Please help! I need to finish this by tonight.
Find the amplitude, period, phase shift, and vertical translation for these two equations:
1. y= -sin(x - pi/4) + 2
2. y= 2cos(2(pi)(x))

Answer 1

Amplitude is half the difference between maximum and minimum values. For example, the amplitude of \(y=\sin x\) is \(\frac{1}{2}(1-(-1)) = 1\).

Period is the smallest interval over which the function repeats. For \(y=\sin x\) the period is \(2\pi\). If you have a function \(y = \sin Bx\) the period will be \(\frac{2\pi}B\).

Phase shift is the value added to the argument of the periodic function. \(y=\sin (2x+3\pi)\) has a phase shift of \(3\pi\).

Vertical translation is any offset added to the result of the periodic function. For example, \(y=\sin x + 1\) has a vertical translation of 1, and oscillates between 0 and 2 instead of -1 and 1.

Answer 2

Some examples:

First one shows the effects of changing amplitude, phase shift, and translation. Second one shows changing period, and then a combination of amplitude, phase shift and vertical translation.

Answer 3

Shouldn't the one labeled as
\[y=2\sin(2x+\frac{ \pi }{ 3 })\]
in sines2.png
be
\[y=2\sin(2x+\frac{ \pi }{ 3 })+1?\]

Answer 4

Nuts, I must have brushed against the delete key after typing it...you're right!

Answer 5

No problem! How did you make those graphs so fast btw?

Answer 6

Mathematica is wonderful, so long as you can figure out how to tell it what you want to do!

Answer 7

ooh, i think i got it.
1. amplitude:1
period:2pi
phase shift: -pi/4
vertical translation: 2

Answer 8

Yes, I believe those are correct.

Answer 9

Alrighty, thanks so much!

Answer 10

How about the second problem?

Answer 11

Oh goodness, how could I forget about that?

Answer 12

Hold on a second.

Answer 13

drum roll please.... :-)

Answer 14

2. amplitude: 2
period: 1

Answer 15

phase shift and vertical translation?

Answer 16

but for phase shift and vertical translation, I'm not so sure.

Answer 17

how about none? does none strike your fancy?

Answer 18

hmm. none. can you elaborate on that?

Answer 19

There is no phase shift, because you don't have \(2\pi x + \phi\) as the argument to \(\cos\). There's no vertical translation, because you don't have anything added on to the result of \(2\cos (2\pi x)\) either.

Answer 20

If you had all the options, the formula would look like

\[y = A \sin (Bx + \phi) + C\] where \(A\) controls amplitude, \(B\) controls period (or frequency), \(\phi\) is the phase shift, and \(C\) is vertical translation or offset.

Answer 21

Ahh, that's why I was so utterly stuck in that quagmire.
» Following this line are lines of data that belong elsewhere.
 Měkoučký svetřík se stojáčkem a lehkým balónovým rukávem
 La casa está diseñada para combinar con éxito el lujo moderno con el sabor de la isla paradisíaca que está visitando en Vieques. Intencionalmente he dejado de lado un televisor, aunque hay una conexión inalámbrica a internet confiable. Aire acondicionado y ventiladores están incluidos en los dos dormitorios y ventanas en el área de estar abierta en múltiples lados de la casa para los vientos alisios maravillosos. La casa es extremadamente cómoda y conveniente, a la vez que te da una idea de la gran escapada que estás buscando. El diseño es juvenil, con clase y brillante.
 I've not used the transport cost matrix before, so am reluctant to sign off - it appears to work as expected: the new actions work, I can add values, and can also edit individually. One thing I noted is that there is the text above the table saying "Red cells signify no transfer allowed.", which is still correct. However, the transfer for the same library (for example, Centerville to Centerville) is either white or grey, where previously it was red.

I was overthinking!

Answer 22

Thank you so much!~

Answer 23

It's not quite as helpful as it might be, because it doesn't show you the function you've chosen, but check out http://demonstrations.wolfram.com/SineAndCosineGraphGenerator/

(I think you have to install the Wolfram CDF player, there should be a link on the page)
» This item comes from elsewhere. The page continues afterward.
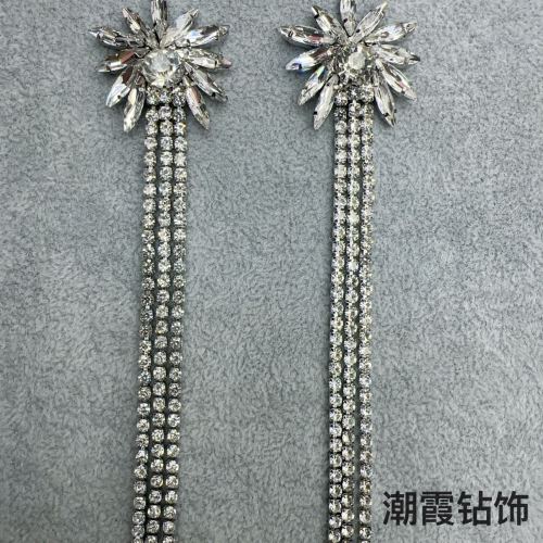 korean style new full rhinestone tassel rhinestone earrings fashionable elegant wedding bridal super flash earrings cross-border hot earrings 中文版

You can play with vertical stretch, phase shift, vertical shift, period with slides and observe the result.

Answer 24

Okie doke! I'll check it out.

Answer 25

Also very interesting if you're curious about possible applications for the magic sin and cos functions appropriately squashed, stretched, shifted, etc. is http://demonstrations.wolfram.com/FourierSeriesOfSimpleFunctions/

Fourier Series allow you to build up just about any waveform by combining the right selection of sines and cosines. This turns out to be an extremely powerful concept in many fields...